Des Afghans inspectent le toit endommagé d'une maison après une attaque de l'armée pakistanaise à Asadabad, dans la province de Kunar, le 28 avril 2026. Photo Aimal Zahir / AFP
Des dizaines de civils ont été tués ou blessés lundi dans des frappes qui ont touché l'est de l'Afghanistan, dont une université, a confirmé l'ONU mardi, le gouvernement afghan blâmant le Pakistan avec qui il est en conflit depuis des mois. La mission de l'ONU en Afghanistan (Unama), qui a un mandat pour documenter les attaques contre des civils, n'a pas précisé à ce stade le décompte exact entre morts et blessés. « Selon le droit international humanitaire, les civils et les infrastructures civiles dont les établissements d'éducation, doivent être protégées en toutes circonstances », a rappelé l'Unama sur X.
Le gouvernement afghan avait fait état lundi de sept civils tués et 85 blessés par des tirs d'obus et de roquettes des forces pakistanaises dans la province de Kunar, voisine du Pakistan, notamment dans la ville d'Asadabad. Le porte-parole du gouvernement, Hamdullah Fitrat, avait déploré que les attaques, en pleine après-midi, aient touché « des maisons civiles et l'université ». Le ministère pakistanais de l'Information a nié avoir frappé des zones d'habitation ou l'Université d'Asadabad, qualifiant les propos en ce sens de « mensonges éhontés ».
Lundi soir, un correspondant de l'AFP a pu voir une maison endommagée par des tirs d'obus et plusieurs blessés à l'hôpital provincial d'Asadabad. Mardi, des étudiants ont témoigné des événements de la veille, sans donner leur nom de famille pour des raisons de sécurité. « Le professeur était en train de faire son cours, c'était environ 14H30, et il y a eu un grand bruit ; nous nous sommes tous allongés par terre », a raconté Irfanullah, 20 ans, étudiant en psychologie à la faculté d'Education. « Chaque étudiant a essayé de se mettre à l'abri, mais les fenêtres se sont brisées et certains ont été blessés », a-t-il poursuivi.

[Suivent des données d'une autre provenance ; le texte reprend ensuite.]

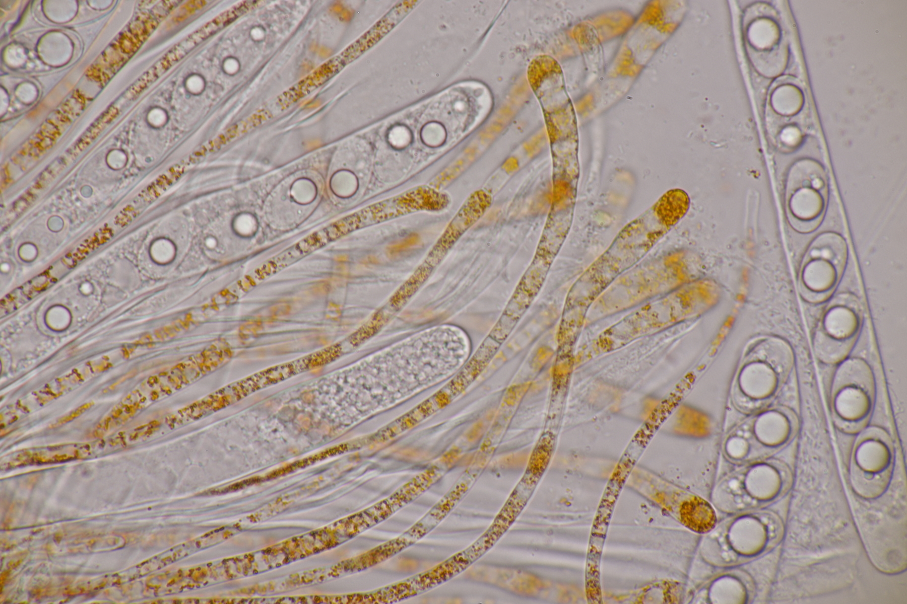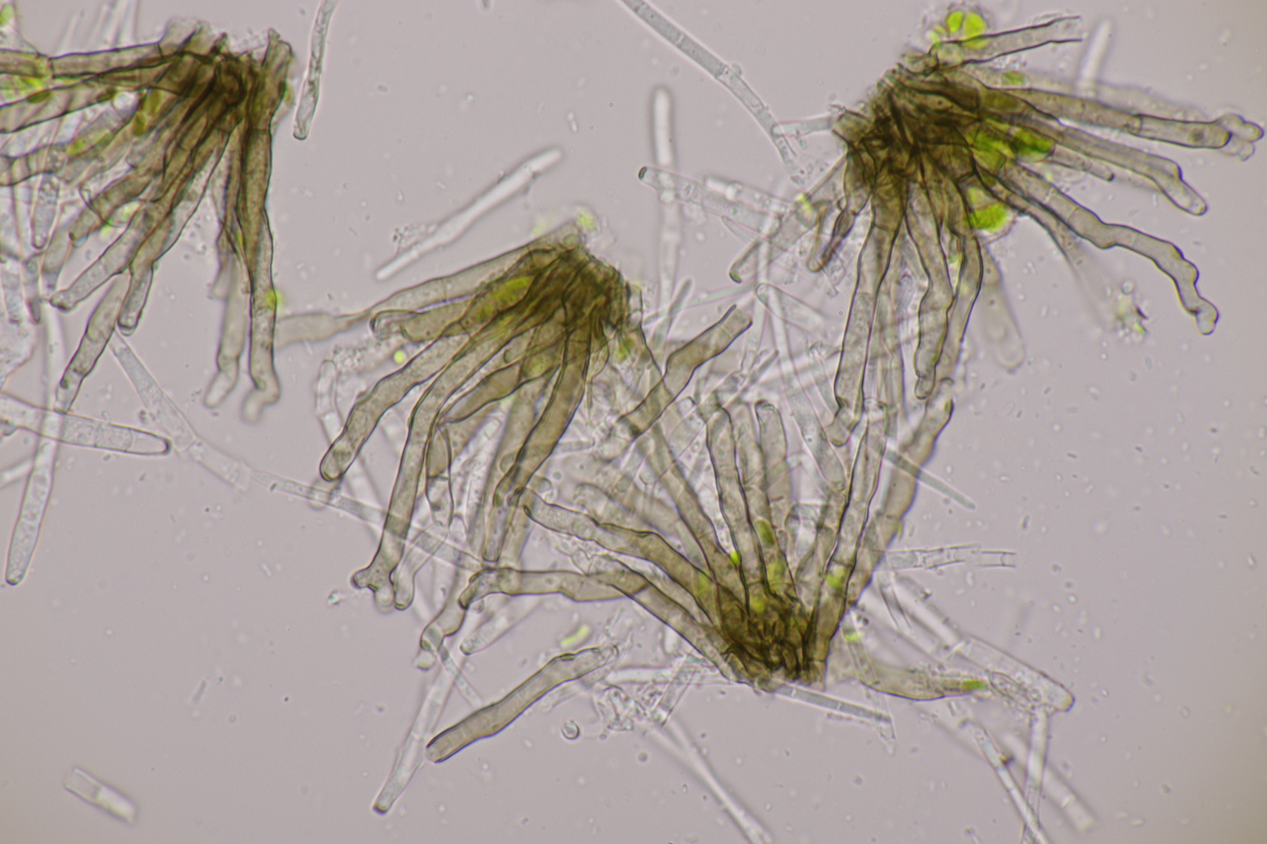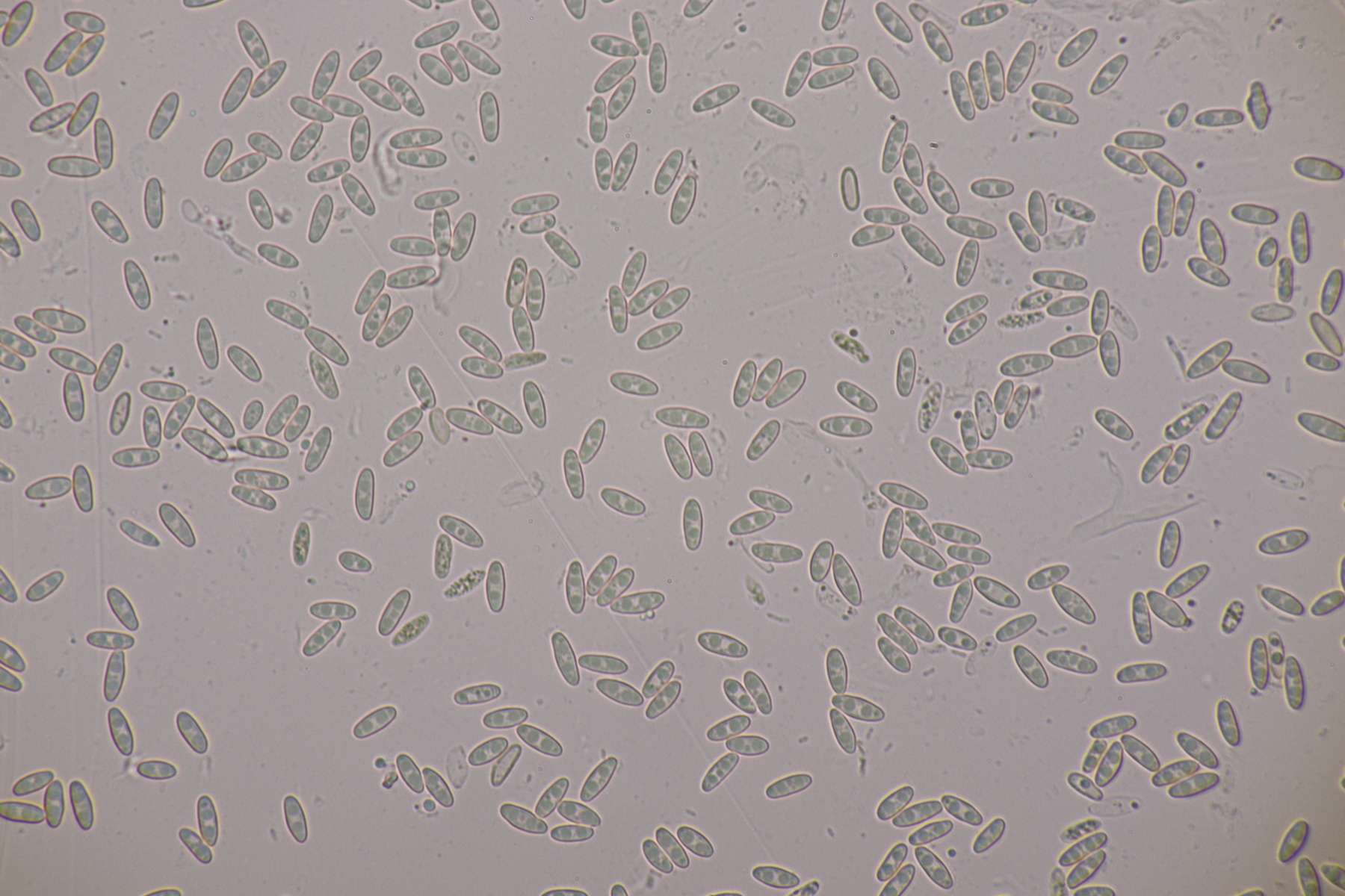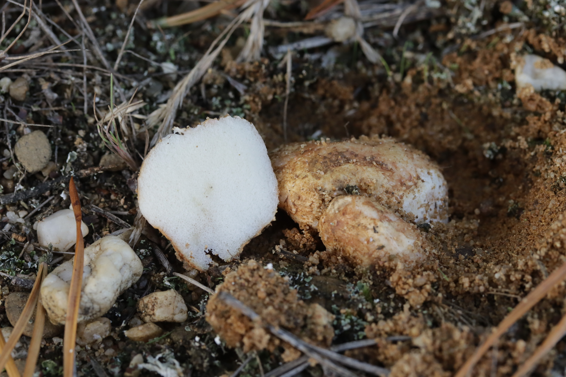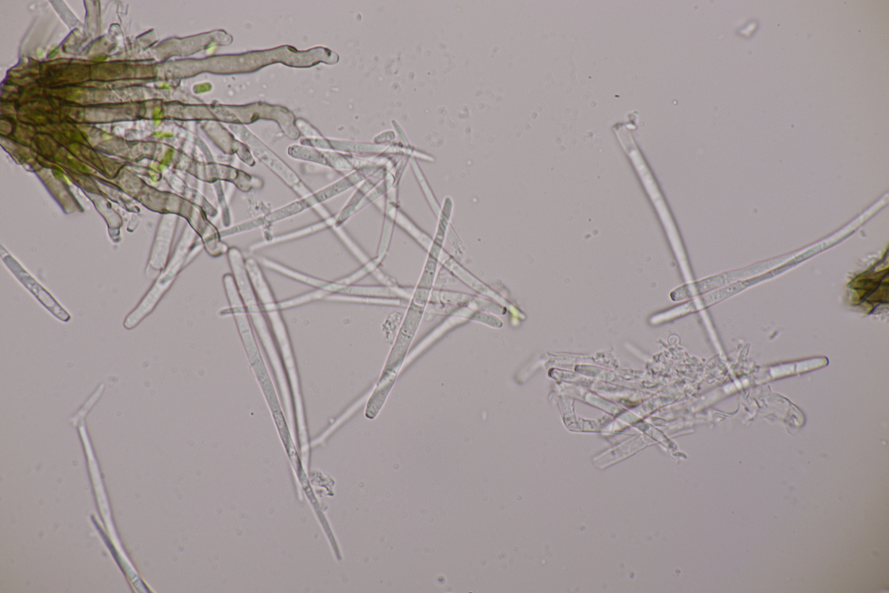 7. Auf der Sandfläche standen vereinzelt junge Kiefern unter denen sich auch Rhizopogons finden ließen. Die Peridie färbt sich mit KOH rötlich, mit Eisensulfat grünlich. Die Gleba färbt mit beiden Reagenzien nicht. Sporen messen 7.5-9.1 x 2.6-3.4, Q=2.4-3.2, im Mittel 8.2 x 2.9, Q=2.8. Bei der Beurteilung der Peridie tue ich mich schwer, würde das aber am ehesten für den Roseolus-Typ halten. Rhizomorphen bedecken nicht den ganzen Fruchtkörper. Junge Basidiolen sind dickwandig. Mit der Monographie von Paz Martin und der Funga nordica landet ich dann bei R. roseolus. Mit Montecchi und Sarasini kommen R. vulgaris, R. roseolus und R. marchii in die engere Auswahl, wobei R. marchii und R. vulgaris von der Sporengröße und -form besser passen. Insgesamt fehlt mir in der Gattung aber die Erfahrung. Kann da jemand weiterhelfen? Tricholomopsis
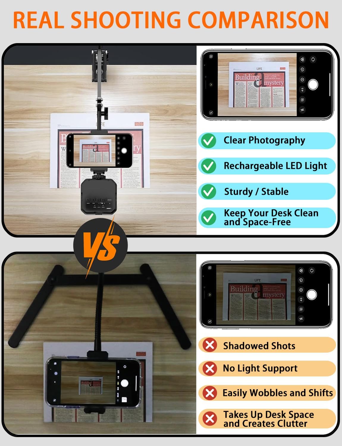 【More clear and Bright】The overhead phone mount is equipped with an led light, which has 3 modes and 10 adjustable brightness, provide proper but sufficient light for different occasions. Warm tips: This product is only suitable for providing supplemental lighting during photography, video recording, and more. It is not phone projection
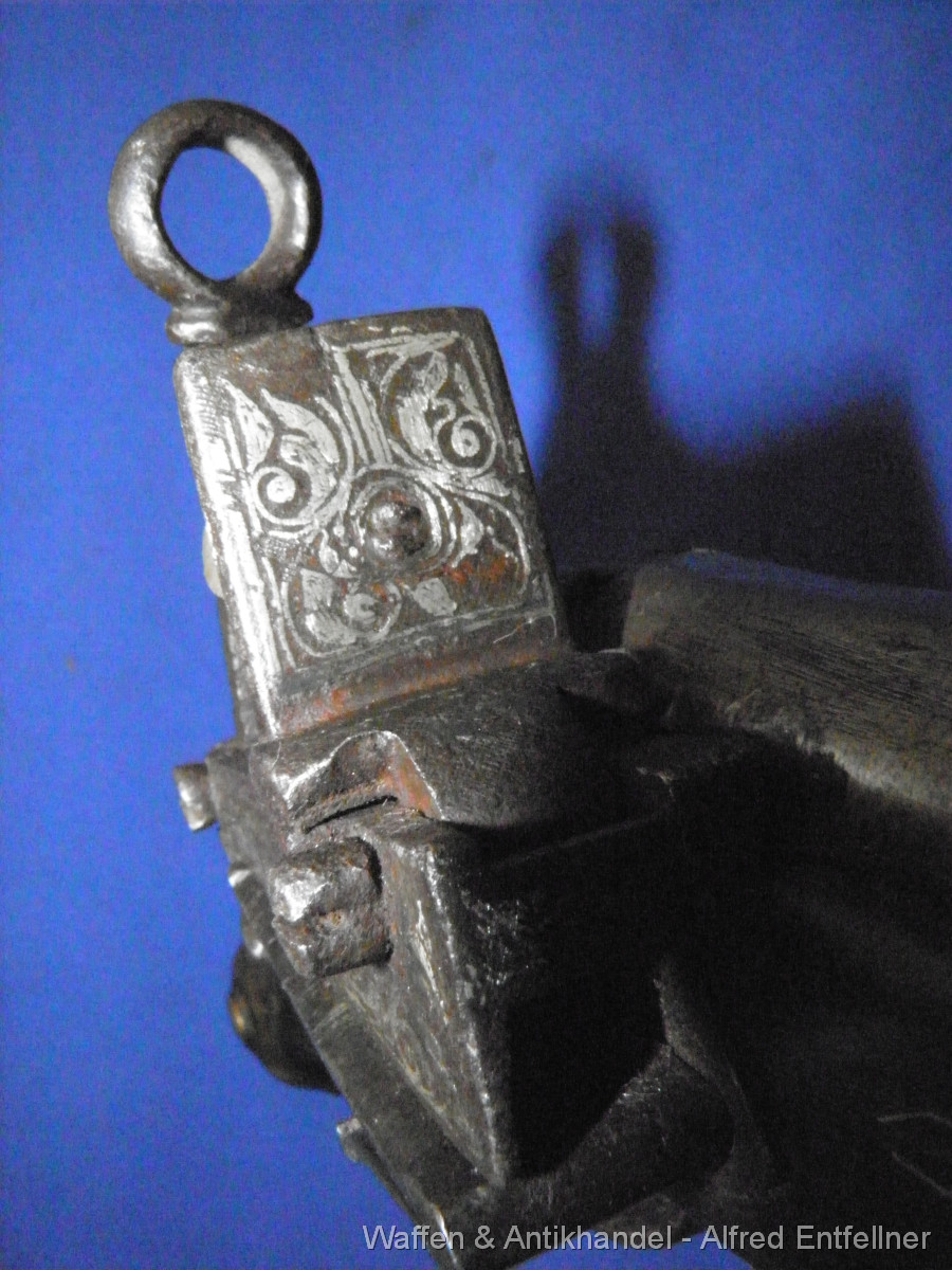 Schöne verzierungen, Silbereinlagen Schloss lässt sich spannen und abschlagen.
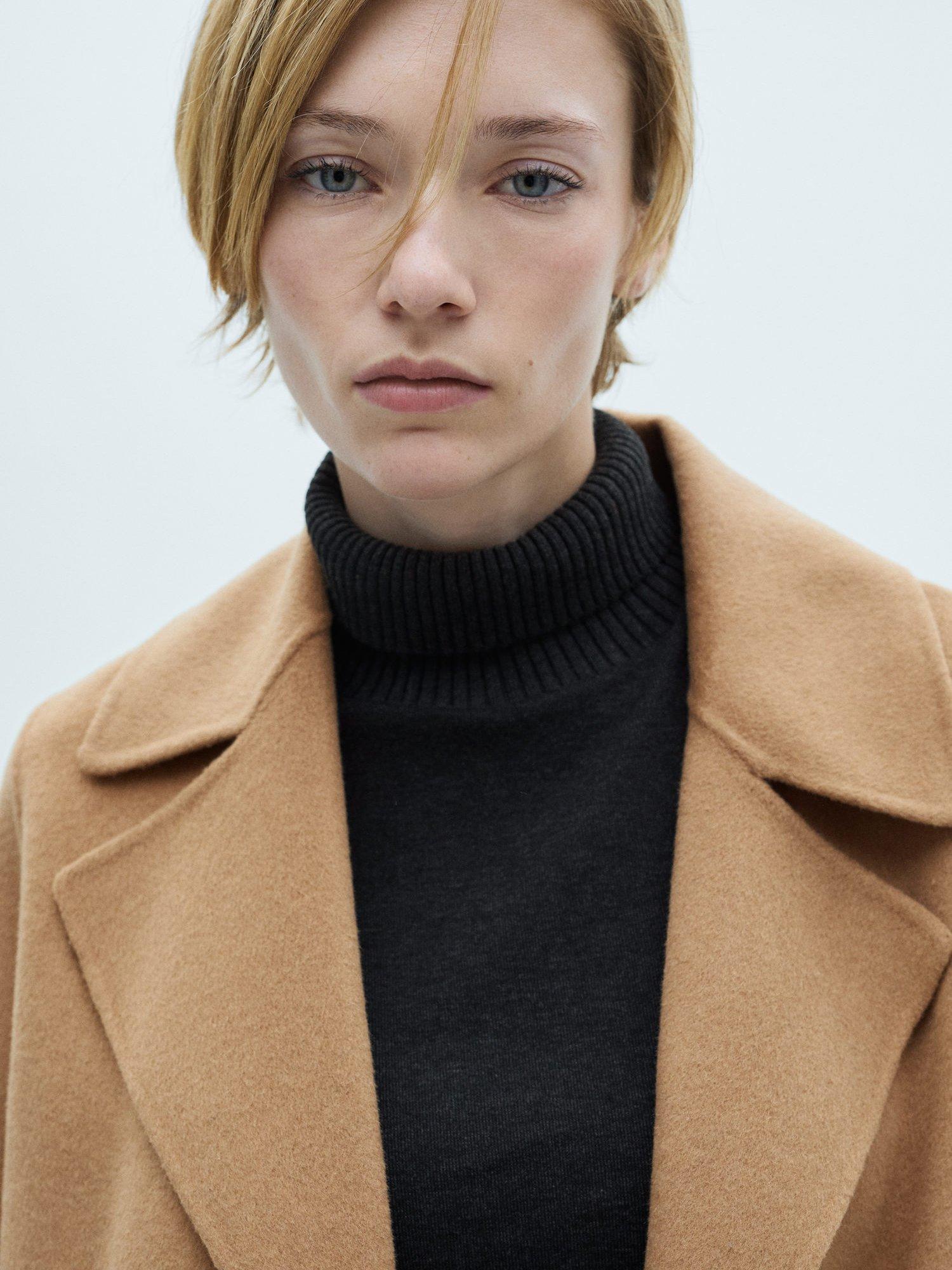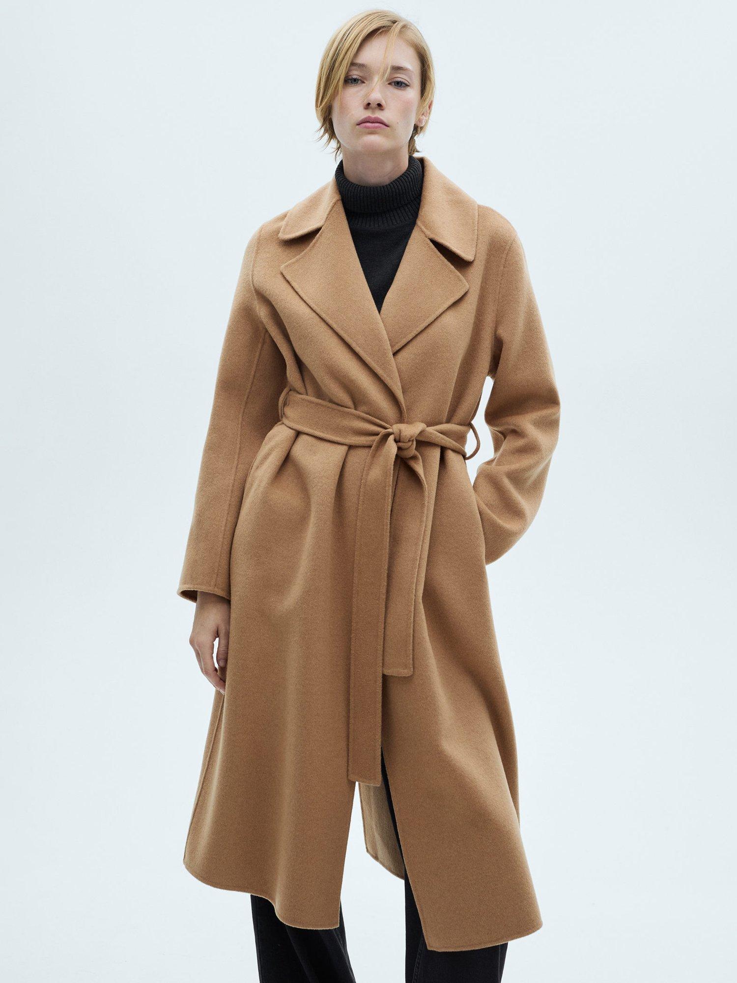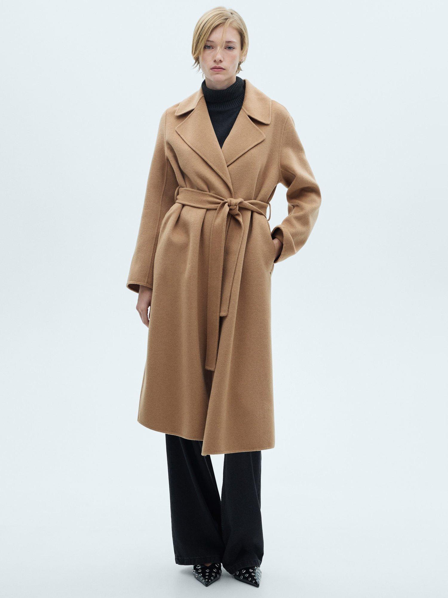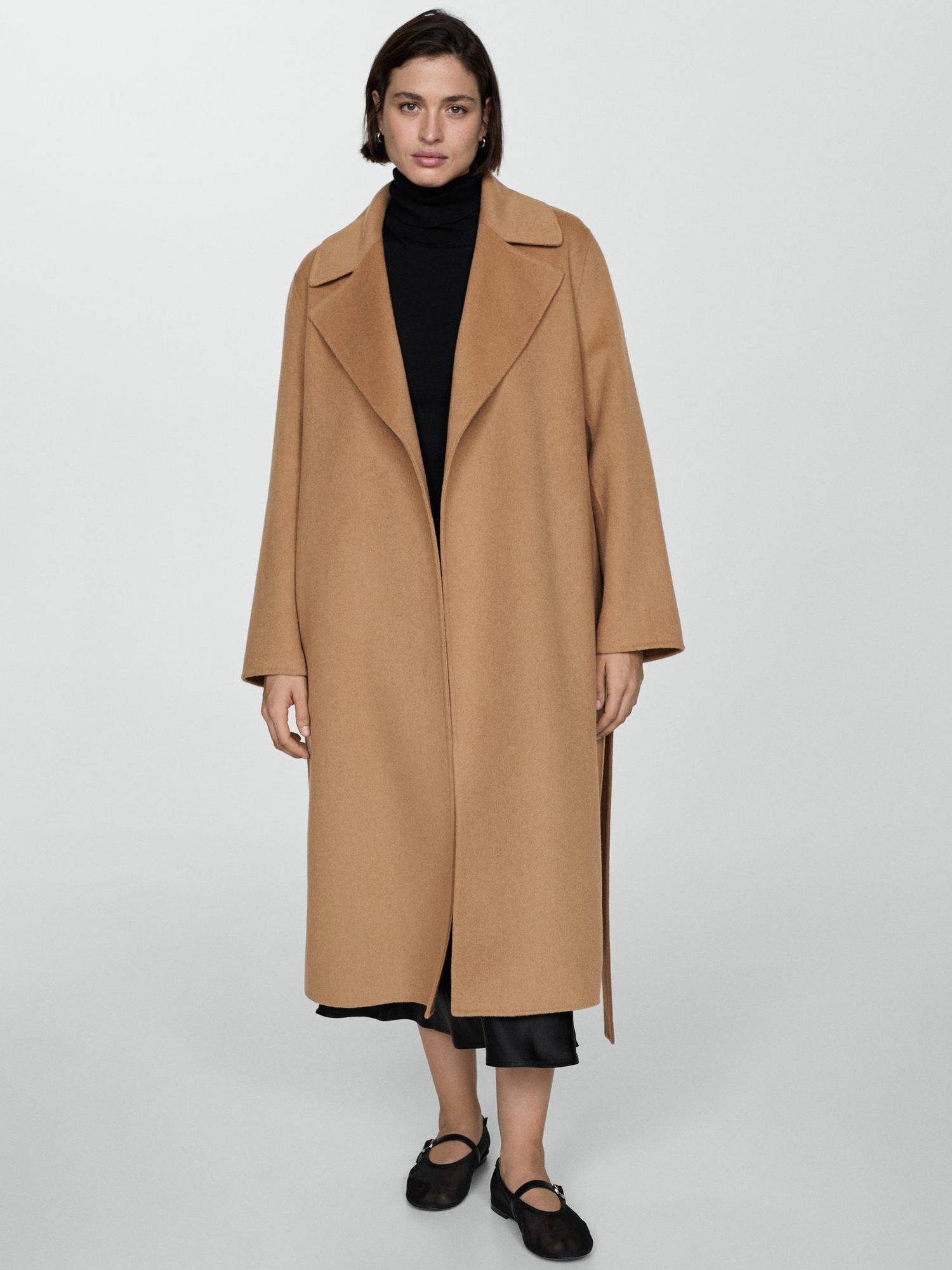 Celebrating minimalist silhouettes, this coat from Mango comes in a flattering longer length. Framed with lapels and a self-tie belt, it makes for a warming choice thanks to its wool blend fabric.

Un autre étudiant du département de géographie, Ibadullah, 23 ans, a raconté avoir fui la salle de classe avec ses camarades en laissant les livres sur place. Plusieurs salles de la faculté d'éducation avaient des vitres brisées, a constaté un journaliste de l'AFP mardi, tandis que les panneaux solaires du toit ont été tordus par un impact. Islamabad accuse l'Afghanistan d'accueillir des combattants du mouvement des talibans pakistanais (TTP) qui ont revendiqué des attaques meurtrières au Pakistan, ce que les autorités talibanes afghanes démentent. Les violences se sont intensifiées à partir du 26 février, le Pakistan bombardant plusieurs fois Kaboul et les zones frontalières.